2016 Aralık ayında, Cumhurbaşkanlığı sarayında düzenlenen ödül töreninde, bilim insanı ve yazar Sayın Alev ALATLI tarihi bir konuşma yaptı. Alatlı’nın konuşmasından bazı bölümler:
“Asıl olan hakkın helal edilmiş olmasıdır, helalleşmek olmalıdır. Helalleşmek mahkemede dava kazanmaktan daha üstün olmalıdır. Çünkü her yasal olan helal değildir.”
“Birisinin borcunu geri ödeyememesi nedeniyle el konulan konutunun haraç mezat satılması yasal olabilir, ama onu satın alman helal değildir”
“İmar ruhsatı alan bir müteahhit şehrin ufkuna tecavüz ederken yasal olarak suçsuzdur ama yaptığı iş helal değildir.”

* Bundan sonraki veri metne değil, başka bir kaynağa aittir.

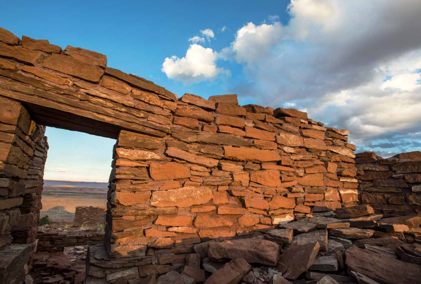
LEFT: Crack in Rock Ruins is part of Wupatki National Monument, which once served as a home for the Sinagua, Cohonina and Kayenta Anasazi people. BELOW: A petroglyph panel, one of many at the ruins, tells a creation story.

place in the dirt with my pen so I can return it exactly where I found it. Despite its size, the piece is heavier than I expected, and I imagine that whatever bigger vessel it must have been part of would have been substantial.

“Yeni ve çok daha ucuz bir enerji türünün pazara girmesini engellemek üzere üretim haklarını satın alan ve sümen altı eden bir petrol şirketi yasal olarak suçsuzdur ancak yaptığı iş helal değildir.”
“Raf ömrünü uzatmak için ekmeğin içine kanserojen madde koyan fırıncının yaptığı, formülü ambalajın içine koyduğu sürece yasal ancak helal değildir.”
“21. yüzyılın en yaman toplum projesi helal olanı yasal olanla örtüştürmek olsa gerek.”
“Kadim değerlerle rabıtası zedelenen özgürlüklerin şerden yana bükülmelerini önlemenin yollarını bulmak zorundayız.”
“Yasaların tanıdığı haklardan insanlık veya Allah adına feragat etmenin garipsenmediği bir yeni düzen getirmek zorundayız.”
“Tarihin bize öğrettiği önemli bir şey var: İster en mükemmel yönetim sistemini ister ekonomik kalkınmayı gerçekleştirmiş olsun, Bir medeniyetin sevgi ve nefis terbiyesi dumura uğramış, manevi enerjisi tükenmiş ise o medeniyeti; ne Birleşmiş Milletler tüzüğü ne Helsinki beyannamesi ne AİHM mevzuatı nede en üstün silahlar kurtarabilir.”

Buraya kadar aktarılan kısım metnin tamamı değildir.